Viering van de heropende lijn tussen Lubumbashi en Kindu in 2006, ondertussen terug onwerkbaar (WikiMedia Commons)

Wereldbank slaagt niet in herstel spoor Congo

De Wereldbank heeft in 2010 een subsidiedossier van 189 miljoen euro goedgekeurd om de Congolese spoorwegmaatschappij terug op het goede spoor te zetten en de treininfrastructuur te verbeteren. Uit de laatste gegevens en getuigenissen blijkt dat er bitter weinig is veranderd aan de situatie.
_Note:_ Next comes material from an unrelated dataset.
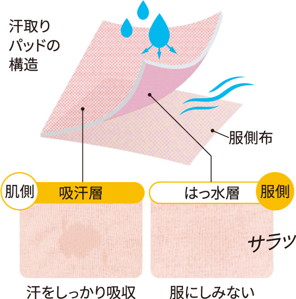 肌側で汗を吸いとり、服側ははっ水加工で汗が服ににじみ出にくい構造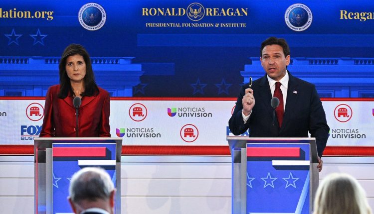 DeSantis appeared to laugh during Haley’s remarks before rejecting that he opposed fracking or drilling on federal lands.

maandag 5 januari 2015 15:30
Spread the love

Een
rampzalig overzicht

  • Kindo,
    29 november 2005: zestig passagiers die op het dak van een trein
    hebben plaatsgenomen, vallen van de wagons bij de doortocht door een
    tunnel
  • Benaleka,
    1 augustus 2007: een defect aan het remsysteem van de locomotief doet
    acht treinstellen ontsporen; er vallen honderd doden en 128 gewonden
  • Katongola,
    22 april 2014: honderden mensen reizen illegaal mee op een
    goederentrein; wanneer de trein te snel van een helling rijdt en
    ontspoort, vallen er 48 doden en 160 gewonden.

Dit
is maar een kleine greep uit de ongevallenstatistieken van de
Congolese spoorwegen van de laatste tien jaar. Deze cijfers, die
regelmatig terugkomen in de talrijke onderzoeksrapporten,
projectdocumenten en subsidiedossiers, laten
niets aan onduidelijkheid te wensen over.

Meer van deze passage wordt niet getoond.